Machine learning for steel defect classification

Goal

We will carry out an example of classification of defects in steels, using images, which for this case were obtained from the Northeastern University (NEU) site:

http://faculty.neu.edu.cn/yunhyan/NEU_surface_defect_database.html

The idea is to create a machine learning algorithm, in such way that by providing the captured images of the steel, it determines what type of failure each one has.

About images

“In the Northeastern University (NEU) surface defect database, six kinds of typical surface defects of the hot-rolled steel strip are collected, i.e., rolled-in scale (RS), patches (Pa), crazing (Cr), pitted surface (PS), inclusion (In) and scratches (Sc). The database includes 1,800 grayscale images: 300 samples each of six different kinds of typical surface defects.”
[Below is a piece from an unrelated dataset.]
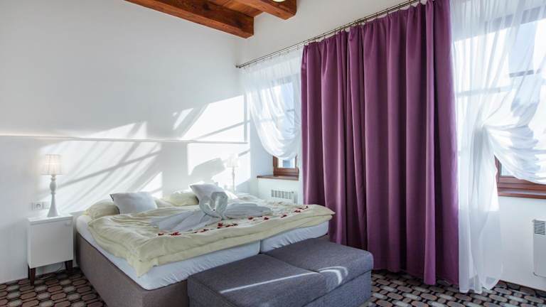 Die Unterkünfte im Hotel Salety verfügen alle über ein eigenes Bad mit einem Haartrockner, Sat-TV und einen Kühlschrank. Die Suiten bieten zusätzlich einen Sitzbereich, während einige Zimmer einen Blick auf das Schloss gewähren.

For the defect detection task, annotations xml files were provided indicating the class and location of a defect in each image.

An example of each defect is shown below with the addition of rectangles corresponding to the respective annotations:

crazing_265.jpg (Song and Yan, 2013)

inclusion_280.jpg (Song and Yan, 2013)

patches_292.jpg (Song and Yan, 2013)

pitted_surface_233.jpg (Song and Yan, 2013)

rolled-in_scale_292.jpg (Song and Yan, 2013)

scratches_292_marked.jpg (Song and Yan, 2013)

First the task called “Feature Engineering” is carried out to extract features from raw data, in this case pixel values, via data mining techniques. These features is used as inputs of classification machine learning algorithms.

Then an algorithm is implemented whose input is the result of the feature engineering stage.

Feature engineering:

The feature engineering stage plays a very important role in achieving the accuracy of our algorithm. It is about extracting and segregating information from images. Images are made up of pixels, which form a bitmap. A color image is made up of a matrix of three channels (red, green and blue), each triplet of red, green and blue elements is a single pixel. Each channel is an array of values across the top of the image and each value is between a numerical range of 0 to 255, where a value of 0 means that the point has no brightness and a value of 255 means increase the brightness for that point to maximum.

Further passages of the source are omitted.